§ **Your objective**
Only the lines from the top of the records below through the line containing "Die jungen Volkstänzer." should be printed, exactly and without pictures.

§ **Dataset**

________

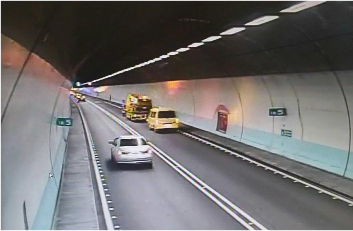
圖 1. 9 時 12 分國 5 南下雪山隧道 18.5 公里發生故障車占用外側車道事件
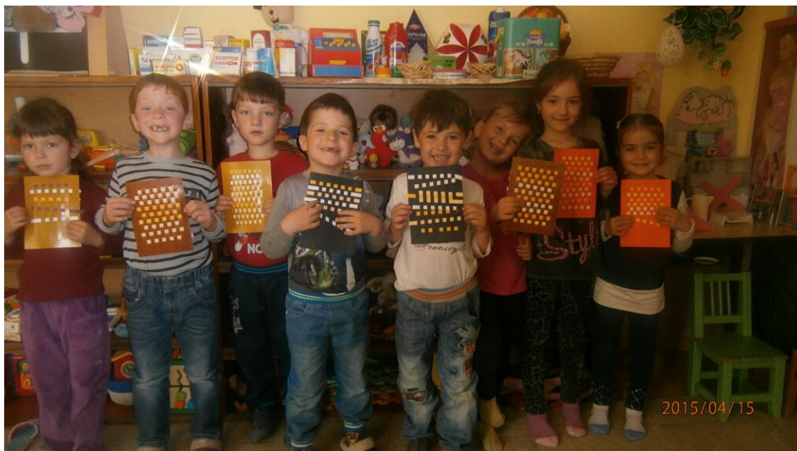
13. fotó. A gyerekek az elkészült alkotásaikkal
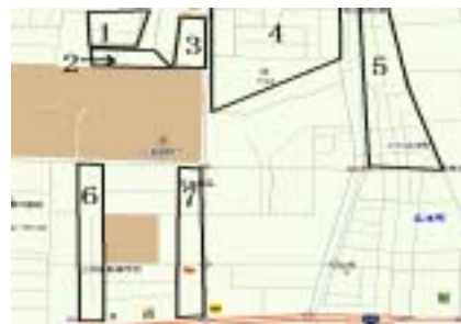
図 1 呉市広古新開周辺地図

本調査対象は, 広島県呉市広古新開周辺地域のアパートやマンション, 集合住宅等とした. 図 1 に測定ポイントの地図を示し, 表 1 に測定エリアの特徴を示した.
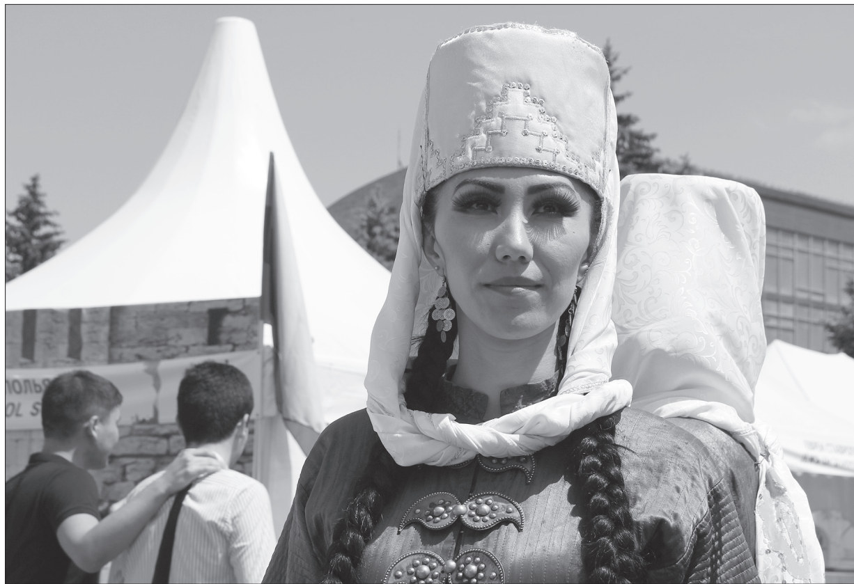
Ногайцы на выставке национальных подворий в Ставрополе в 2019 году.

Крепкая семья – ценность для всех без исключения кавказских народов, в том числе и ногайцев. Издавна семейная жизнь и отношения регулировались адатами – традиционными обычаями. В том или ином виде они сохраняются до сих пор.
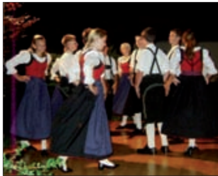
Die jungen Volkstänzer.

In der Folge begeisterten sie vor allem bei Heimatabenden, Bezirkstrachtenfesten und Wiesenfesten das heimische Publikum und Touristen aus unserer Region.
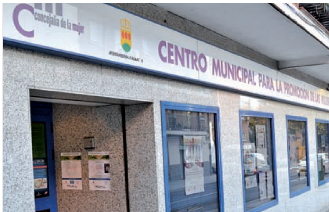
La Concejalía de Mujer acoge distintos programas para combatir la violencia de género C. MARTINEZ

Es en una primera fase donde se trata particularmente cada caso. “Hay un antes, un después y un durante de todo el proceso de violencia. No todas llegan con una denuncia interpuesta contra sus maltratadores, por lo que se les ayuda a que tomen realidad con su situación y que tengan asumida la toma de decisión. Pa-
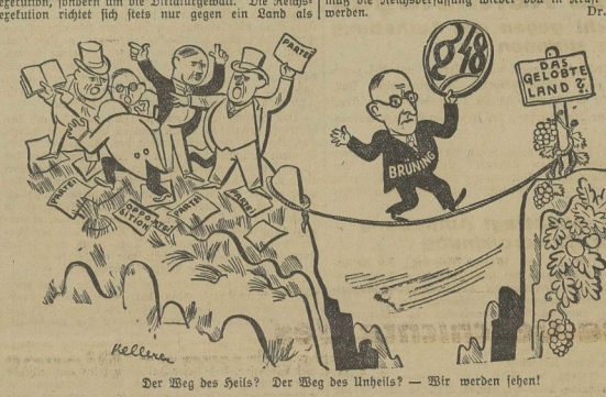
Der Weg des Heils? Der Weg des Unheils? - Wir werden leben!

24. Die von dem Reichspräsidenten getroffenen Maßnahmen sind im wesentlichen folgende:
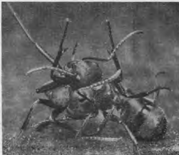
Skruzdžių kovos pasižymi atkaklumu ir žiaurumu

"Kautynių lauke kovėsi keli tūkstančiai skruzdžių, poromis susikibusių savo žiaunomis; kitos bėgiojo jieškodamos viena kitos, puldamos, prievarta vilkdamos viena kitą belaisvėn į savo miestą, kur jų laukdavo žiauriausias likimas. Kovotojos laistė viena kitą nuodais ir susikibę raicėjojosi dulkėse. Tačiau vienos kurios pusės bendrapilietės viena kitą remdavo. Jei bendrame sąmyšyje kuri savoji, per klaidą, užpuldavo savąją, jos tuoj viena kitą atpažindavo ir smūgius pakeisdavo glamonėjimais — paglostymais. Kol abi armijos tuo būdu rodė savo narsumą ir vykdė skerdynes, abiejų miestų civiliniai gyventojai, nereikalingi naikinimo darbui, tęsė savo keliones miško takeliais, vykdydami savo taikų ir naudingą darbą. Tik toj vietoj, kur vyko kova, kariai judėjo į vieną ir į antrą pusę. Naujos skruzdės be paliovos vyko kovon ir be paliovos į gimtąjį miestą grįždavo kovotojai lydėdami belaisvius. Visų šitų įdomių karų metu skruzdės vartodavo laisvą ir drąsą taktiką.
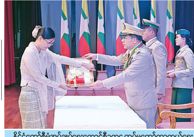
နိုင်ငံတော်စီမံအုပ်ချုပ်ရေးကောင်စီဥက္ကဋ္ဌ တပ်မတော်ကာကွယ်ရေး ဦးစီးချုပ် ဗိုလ်ချုပ်မှူးကြီး သတိုးမဟာသရေစည်သူ သတိုးသီရိသုဓမ္မ မင်းအောင်လှိုင် သူရဲကောင်းမှတ်တမ်းဝင်တံဆိပ်ရရှိသူ ကြည်း ၂၆၄၈ ဗိုလ်မှူးကြီးကျော်စံဦး၏ ဇနီး ဒေါ်ရွှန်းလွဲလွဲထွန်းအား ဆုတံဆိပ် ပေးအပ်ချီးမြှင့်စဉ်။
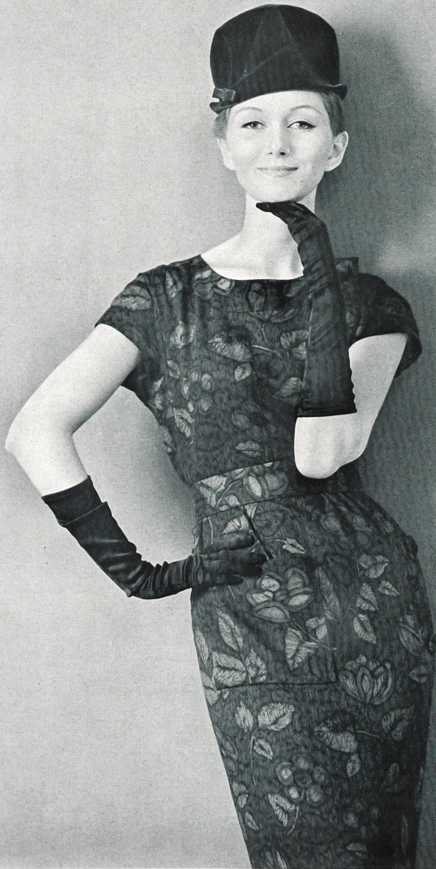
PIERRE CARDIN « Lavinia » de Reichenbach & Co., Saint-Gall Distribué par Montex, Paris
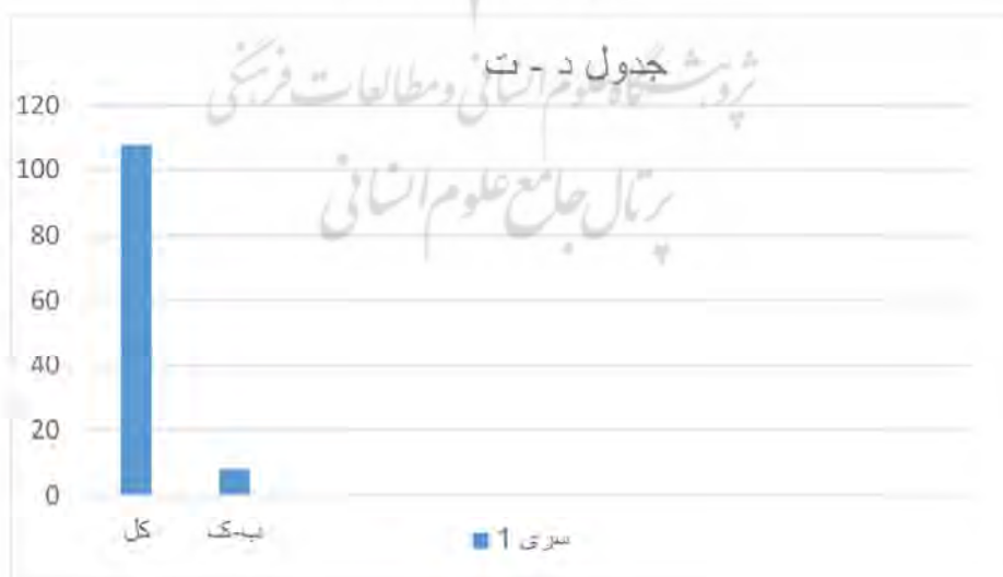
جدول تعداد خطا نسبت به کل - شماره ۸
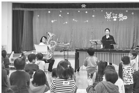
演奏に合わせて歌や踊りを楽しむ園児たち

誰もが知っているアニメの歌やクラシックを中心に構成され、アニメ・忍たま乱太郎の主題歌「勇気100%」の演奏が始まると、園児たちは一斉に立ち上がり、大きな声で歌ったり踊ったりしながら音楽を体感していました。
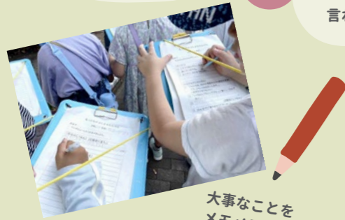
大事なことをメモメモ～
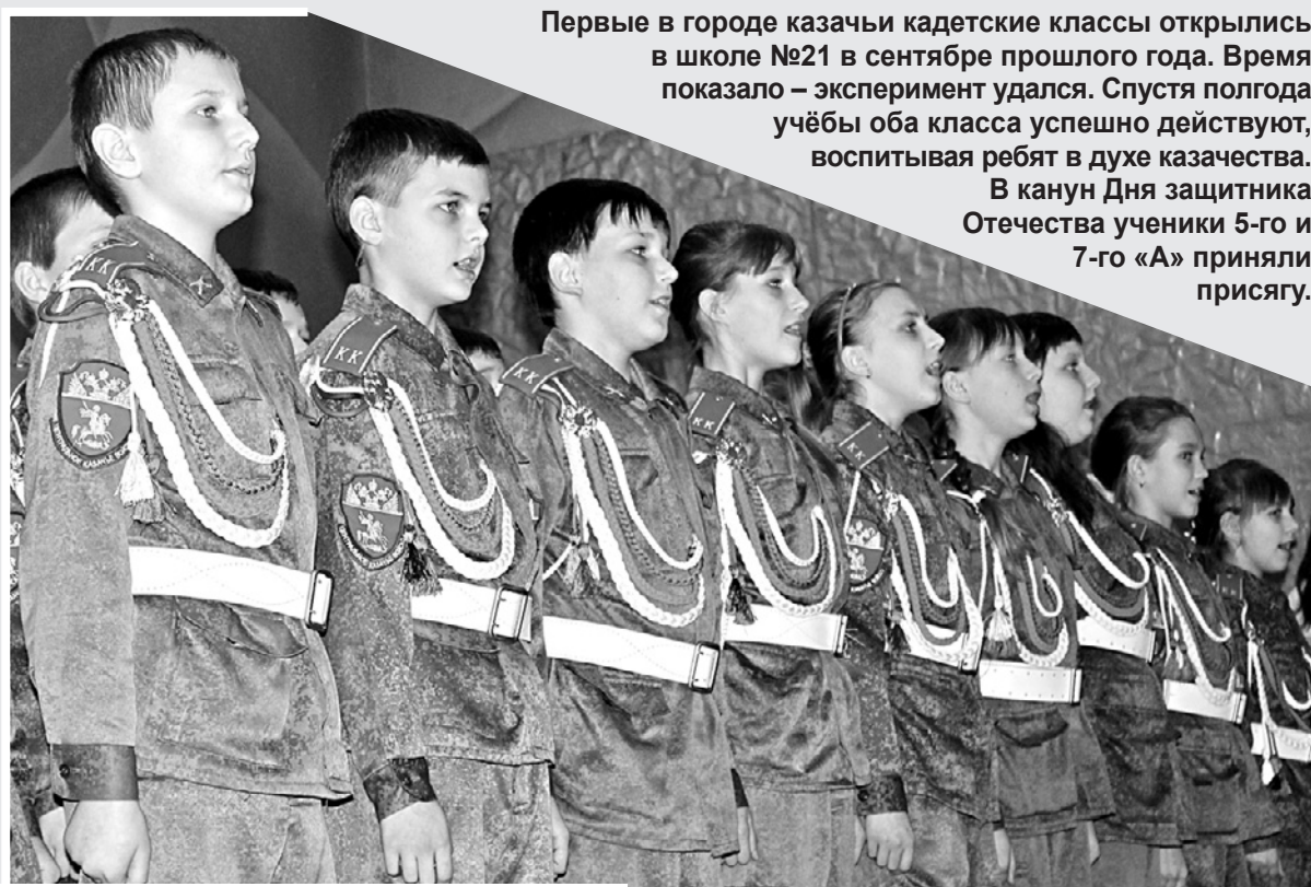
Материалы полосы подготовила Алёна Малко

Первые в городе казачьи кадетские классы открылись в школе №21 в сентябре прошлого года. Время показало – эксперимент удался. Спустя полгода учёбы оба класса успешно действуют, воспитывая ребят в духе казачества. В канун Дня защитника Отечества ученики 5-го и 7-го «А» приняли присягу.
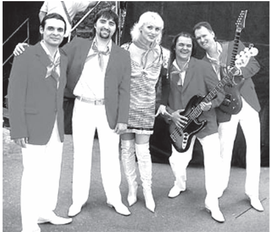
Действующий состав группы «Здравствуй, песня!»
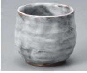
T368-229 黒志野玉湯呑 φ7×6.5cm (110cc) (陶) JPN 1,300円
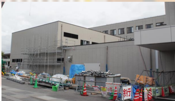
北低層棟は外観が現れた

北低層棟とドック健診センターが7月のオープンを目指して工事が進んでいます。既存部分では南病棟のナースコール更新工事が行われ、すべての病棟が動き始めました。内視鏡室も完成し7月のオープンを待つ他、内科外来が6月、産婦人科外来は7月の完成を予定しています。外来診察室の改修工事では、仮間仕切りが設置され騒音や臭気などの影響が出ていますが、工事業者と協力しながら検討していますので、引き続きご理解とご協力をお願い致します。
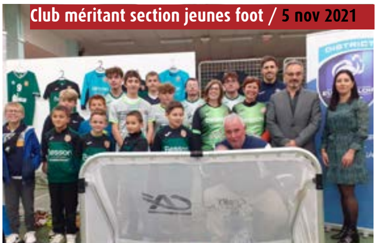
Club méritant section jeunes foot / 5 nov 2021
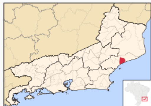
Localização de Carapebus no Rio de Janeiro
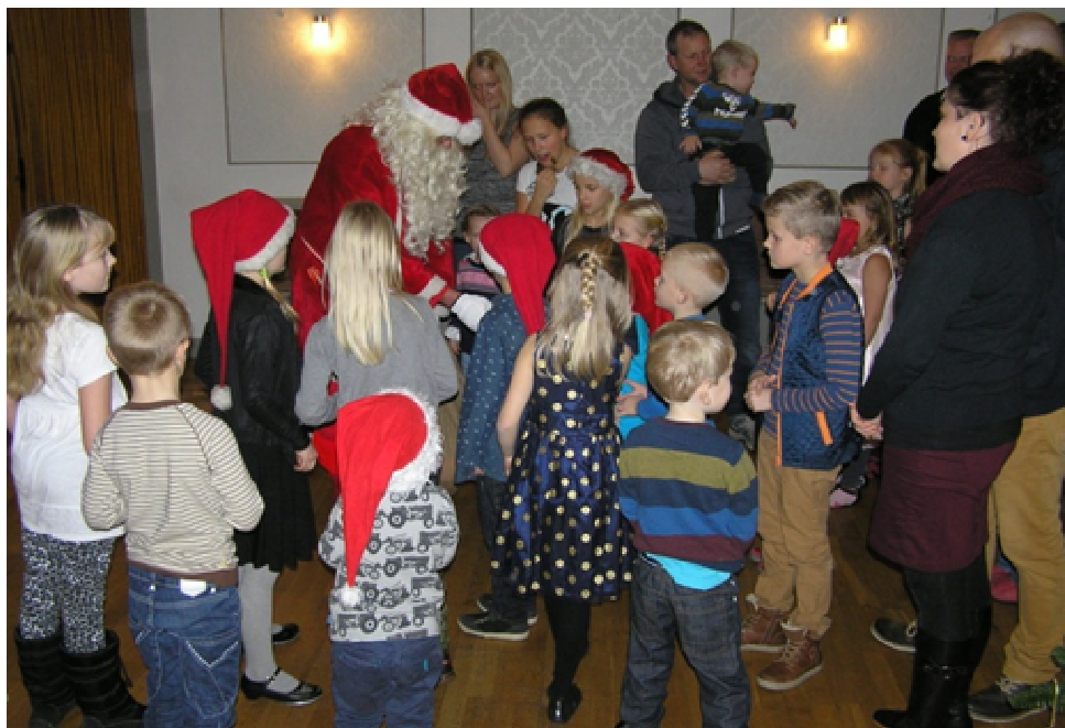
Børnene var glade for at hilse på julemanden ved juletræsfesten.

________

§ **Final answer**
圖 1. 9 時 12 分國 5 南下雪山隧道 18.5 公里發生故障車占用外側車道事件
13. fotó. A gyerekek az elkészült alkotásaikkal
図 1 呉市広古新開周辺地図

本調査対象は, 広島県呉市広古新開周辺地域のアパートやマンション, 集合住宅等とした. 図 1 に測定ポイントの地図を示し, 表 1 に測定エリアの特徴を示した.
Ногайцы на выставке национальных подворий в Ставрополе в 2019 году.

Крепкая семья – ценность для всех без исключения кавказских народов, в том числе и ногайцев. Издавна семейная жизнь и отношения регулировались адатами – традиционными обычаями. В том или ином виде они сохраняются до сих пор.
Die jungen Volkstänzer.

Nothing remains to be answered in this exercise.